The regeneration of RuBP is essential for carbon fixation to continue. Five triose phosphate molecules will undergo a series of reactions requiring energy from ATP, to form three molecules of RuBP. RuBP is therefore consumed and produced during the light-independent reactions and therefore these reactions form a cycle which is named the Calvin cycle.
As we can see, there is a close relationship between the action spectrum and absorption spectrum of photosynthesis. There are many different types of photosynthetic pigments which will absorb light best at different wavelengths. However the most abundant photosynthetic pigment in plants is chlorophyll and therefore the rate of photosynthesis will be the greatest at wavelengths of light best absorbed by chlorophyll (400nm-525nm corresponding to violet-blue light). Very little light is absorbed by chlorophyll at wavelengths of light between 525nm and 625 (green-yellow light) so the rate of photosynthesis will be the least within this range. However, there are other pigments that are able to absorb green-yellow light such as carotene. Even though these are present in small amounts they allow a low rate of photosynthesis to occur at wavelengths of light that chlorophyll cannot absorb.
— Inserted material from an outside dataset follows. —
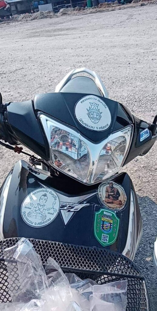 ฝากระโปรงหน้ารถมอเตอร์ไซค์ ด้านซ้าย เป็นรูปสมเด็จพุฒาจารย์โตสีดำเป็นภาพวงกลมอยู่ด้านบน ด้านซ้ายเป็นผ้ากุมารทอง ตัวหนังสือสีดำพื้นสีขาวเป็นวงกลมติดอยู่ด้านบน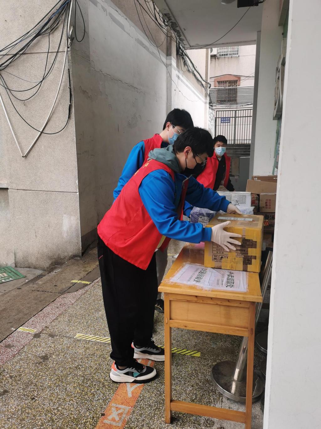 为保障封闭期间学生的学习和生活,大东院区域临时党支部第一时间成立党员志愿服务队,由150余名党员和入党积极分子组成,开展“封闭不封爱”的党员志愿服务活动。学生党员主动承担区域内的快递、外卖消杀发放、活动中心管理、核酸检测点引导等志愿服务工作。活动中,值班老师现场督导时刻提醒志愿者注意自身防护,提醒志愿者执勤时注意保暖,师生们如家人般爱护关心着彼此,让这一方小天地充满浓浓温情。

A limiting factor is a factor that controls a process. Light intensity, temperature and carbon dioxide concentration are all factors which can control the rate of photosynthesis. Usually, only one of these factors will be the limiting factor in a plant at a certain time. This is the factor which is the furthest from its optimum level at a particular point in time. If we change the limiting factor the rate of photosynthesis will change but changes to the other factors will have no effect on the rate. If the levels of the limiting factor increase so that this factor is no longer the furthest from its optimum level, the limiting factor will change to the factor which is at that point in time, the furthest from its optimum level. For example, at night the limiting factor is likely to be the light intensity as this will be the furthest from its optimum level. During the day, the limiting factor is likely to switch to the temperature or the carbon dioxide concentration as the light intensity increases.
So how can these factors have an effect on the rate of photosynthesis? Lets start off with the light intensity. When the light intensity is poor, there is a shortage of ATP and NADPH, as these are products from the light dependent reactions. Without these products the light independent reactions can't occur as glycerate 3-phosphate cannot be reduced. Therefore a shortage of these products will limit the rate of photosynthesis. When the carbon dioxide concentration is low, the amount of glycerate 3-phosphate produced is limited as carbon dioxide is needed for its production and therefore the rate of photosynthesis is affected. Finally, many enzymes are involved during the process of photosynthesis. At low temperatures these enzymes work slower. At high temperatures the enzymes no longer work effectively. This affects the rate of the reactions in the Calvin cycle and therefore the rate of photosynthesis will be affected.